以下、日本特許法におけるシフト補正の禁止規定およびシフト補正の禁止規定と関連性が深い発明の単一性判断について詳述する。

II.発明の単一性

1.内容

「2以上の発明が同一または対応する特別な技術的特徴を有している」場合、単一性の要件を満たす。少なくとも先行技術と同一または先行技術に周知技術を加えた程度のものは特別な技術的特徴と認められない。審査対象は請求項1から請求項順に特別な技術的特徴を見出すことによって決定される。ただし、直前請求項の発明の特定事項を全て含むものに限る。

2.例示

例えば、下記の図1(A)の従属関係がある場合、特別な技術的特徴を見出すものは請求項4までである。そして、どの請求項で特別な技術的特徴を見出したかによって審査対象が異なることとなる。

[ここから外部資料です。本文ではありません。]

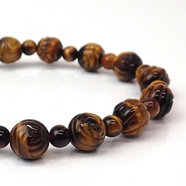 光の反射によって縞模様が虎の眼のように見える「シャトヤンシー (光線状)」 という独特な光を放つのが特徴です。虎の目を連想させることから名付けられ、古くから虎の眼のように「すべてを見通す眼」と考えられてきました。物事の本質を見抜き、成功を掴み取る意味があると信じられており、金運・仕事運に良い石と言われています。

下記の図1(A)の従属関係においては図1(B)のように審査対象が決定される。


したがって、前記図1(A)の従属関係で請求項2以降に特別な技術的特徴が見出された場合および請求項全てから特別な技術的特徴が見出されなかった場合、審査対象とならない請求項が発生するので、単一性違反の拒絶理由が発生することとなる。

特別な技術的特徴を有する請求項を見出す段階では、直前の請求項の発明の特定事項を全て含むものでも、次の請求項が直前の請求項と技術的関連性および課題の関連性が低い場合には、特別な技術的特徴を見出す作業を中断する場合がある。

3.適用時期

2004年1月1日以降の出願に適用される。

4.実務上の注意点

(1)権利化したい発明を請求項1から優先度が高い順に段階的に記載し、(2)従属項は多重引用項として作成するのが望ましい。

III. シフト補正の禁止規定

1.内容

特許請求の範囲に対する補正時、補正前に特許性が判断された発明と補正後の発明とが単一性の要件を満たす必要がある。これをシフト補正の禁止規定といい、この規定を違反した補正を行った場合、拒絶理由が通知される。また、最後の拒絶理由通知に応答する補正または拒絶決定不服審判請求時の補正がこの要件を満たさない場合には補正却下の対象となる。

2.例示

上記図2(A)のような補正前後の請求項間の関係がある場合、全体を通じてどの請求項から特別な技術的特徴が見出されたかによって、補正後の請求項の審査対象が変わる。

例えば、上記図2(A)の補正前後の関係に対しては、図2(B)のように審査対象が決定される。したがって、補正前に見出された特別な技術的特徴を有する請求項の発明の特定事項の全体または補正前に特別な技術的特徴を有する請求項がない場合には、補正前に審査を受けた最も大きい請求項番号を有する請求項の発明の特定事項の全体を含むように補正後の請求項を作る必要がある。

従来は、単一性違反の拒絶理由通知を受けた場合、審査されなかったグループを残す補正が許容されたが、現在は禁止されている。

3.適用時期

2007年4月1日以降の出願に適用される。

4.実務上の注意点

(1)補正前の特別な技術的特徴を有する請求項における発明の特定事項の全体が補正後の請求項に含まれたかを確認しなければならない。

(2)シフト補正と判断されない範囲をより広く確保するためには、特別な技術的特徴が探索される直列的な従属項には不要な特徴を加えないことが望ましい。

(3)審査されなかったグループに対して審査を受けたい場合または一部の発明の特定事項を削除したい場合は、分割出願を考慮することができる。